## [WHAT THE TASK ASKS]
In the entries that follow, the first line to write out is the one containing "Xmas YOKOHAMA KANNAI", and the last is the one containing "كنزة مُخططة منسوجة". Reproduce that stretch exactly, with nothing before or after it.

+++ DATA SHOWN

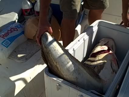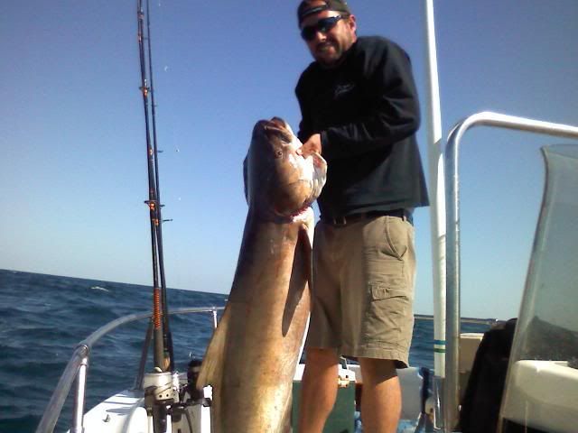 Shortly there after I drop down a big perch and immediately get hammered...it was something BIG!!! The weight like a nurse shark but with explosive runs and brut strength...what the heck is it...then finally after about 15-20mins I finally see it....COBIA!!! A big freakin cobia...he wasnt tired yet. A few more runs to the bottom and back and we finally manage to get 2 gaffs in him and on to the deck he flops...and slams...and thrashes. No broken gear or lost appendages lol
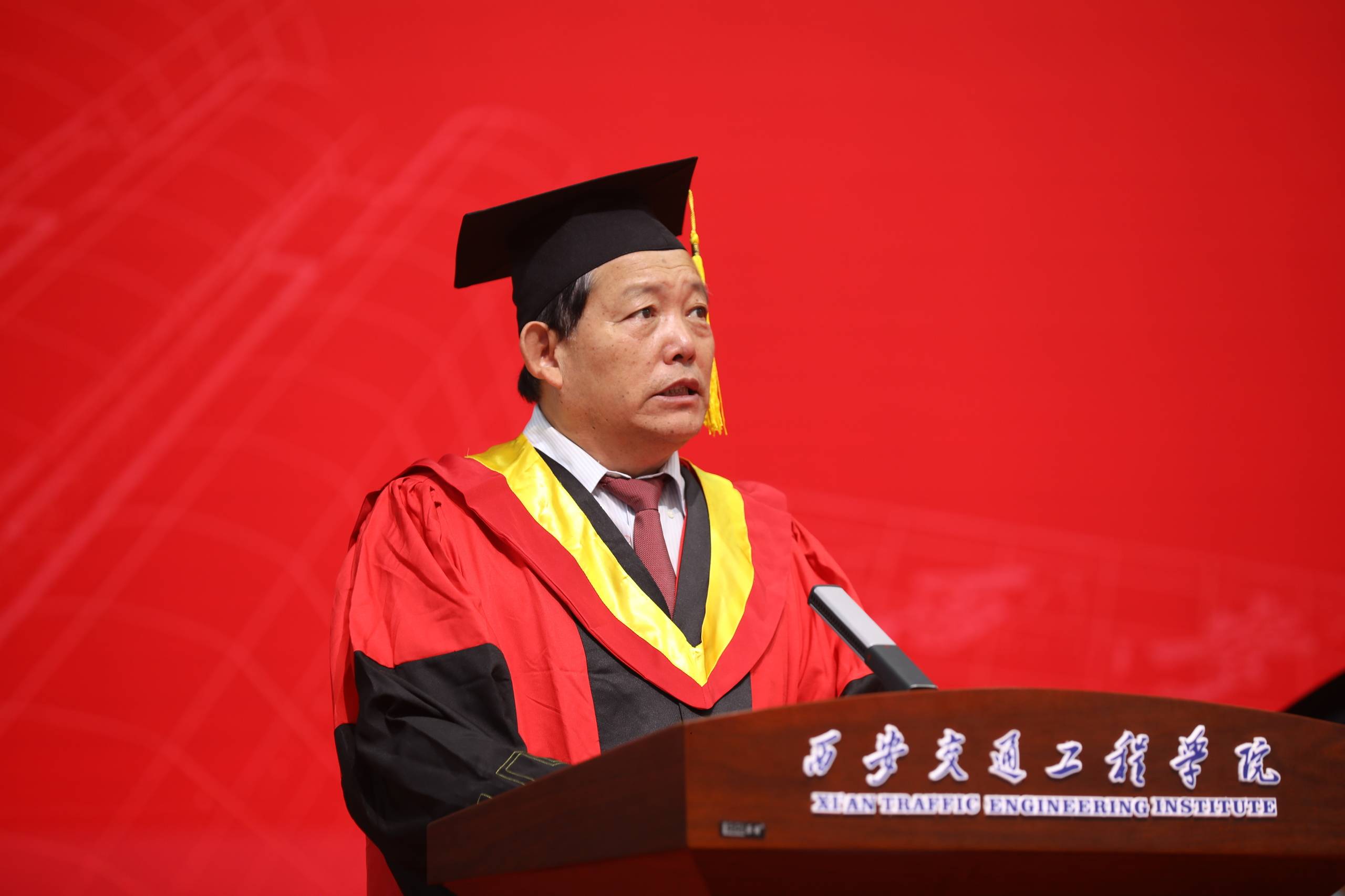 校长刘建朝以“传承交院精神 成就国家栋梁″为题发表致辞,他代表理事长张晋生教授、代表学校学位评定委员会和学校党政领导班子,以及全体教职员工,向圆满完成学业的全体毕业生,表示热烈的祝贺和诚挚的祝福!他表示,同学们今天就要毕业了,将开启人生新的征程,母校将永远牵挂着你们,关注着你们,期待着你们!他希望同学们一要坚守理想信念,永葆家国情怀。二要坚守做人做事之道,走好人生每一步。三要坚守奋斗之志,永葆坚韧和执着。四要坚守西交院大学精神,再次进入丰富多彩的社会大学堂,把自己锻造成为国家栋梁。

++++++
+++ DATA SHOWN

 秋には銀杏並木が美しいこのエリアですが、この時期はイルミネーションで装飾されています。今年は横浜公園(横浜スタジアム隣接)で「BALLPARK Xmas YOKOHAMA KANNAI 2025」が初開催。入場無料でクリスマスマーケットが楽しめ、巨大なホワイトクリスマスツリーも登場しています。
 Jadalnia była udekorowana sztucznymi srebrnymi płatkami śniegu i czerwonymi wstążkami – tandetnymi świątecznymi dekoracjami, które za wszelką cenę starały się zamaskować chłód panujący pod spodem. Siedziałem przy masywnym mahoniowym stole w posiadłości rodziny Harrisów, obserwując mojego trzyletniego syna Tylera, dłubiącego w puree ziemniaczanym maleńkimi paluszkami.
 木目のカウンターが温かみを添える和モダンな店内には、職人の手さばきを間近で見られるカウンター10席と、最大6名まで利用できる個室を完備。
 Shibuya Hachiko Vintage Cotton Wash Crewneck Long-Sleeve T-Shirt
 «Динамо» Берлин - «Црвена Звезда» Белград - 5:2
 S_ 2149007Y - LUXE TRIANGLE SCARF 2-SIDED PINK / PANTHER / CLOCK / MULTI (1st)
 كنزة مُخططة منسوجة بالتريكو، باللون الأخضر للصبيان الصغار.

++++++

## [RESULT OF THE TASK]
 秋には銀杏並木が美しいこのエリアですが、この時期はイルミネーションで装飾されています。今年は横浜公園(横浜スタジアム隣接)で「BALLPARK Xmas YOKOHAMA KANNAI 2025」が初開催。入場無料でクリスマスマーケットが楽しめ、巨大なホワイトクリスマスツリーも登場しています。
 Jadalnia była udekorowana sztucznymi srebrnymi płatkami śniegu i czerwonymi wstążkami – tandetnymi świątecznymi dekoracjami, które za wszelką cenę starały się zamaskować chłód panujący pod spodem. Siedziałem przy masywnym mahoniowym stole w posiadłości rodziny Harrisów, obserwując mojego trzyletniego syna Tylera, dłubiącego w puree ziemniaczanym maleńkimi paluszkami.
 木目のカウンターが温かみを添える和モダンな店内には、職人の手さばきを間近で見られるカウンター10席と、最大6名まで利用できる個室を完備。
 Shibuya Hachiko Vintage Cotton Wash Crewneck Long-Sleeve T-Shirt
 «Динамо» Берлин - «Црвена Звезда» Белград - 5:2
 S_ 2149007Y - LUXE TRIANGLE SCARF 2-SIDED PINK / PANTHER / CLOCK / MULTI (1st)
 كنزة مُخططة منسوجة بالتريكو، باللون الأخضر للصبيان الصغار.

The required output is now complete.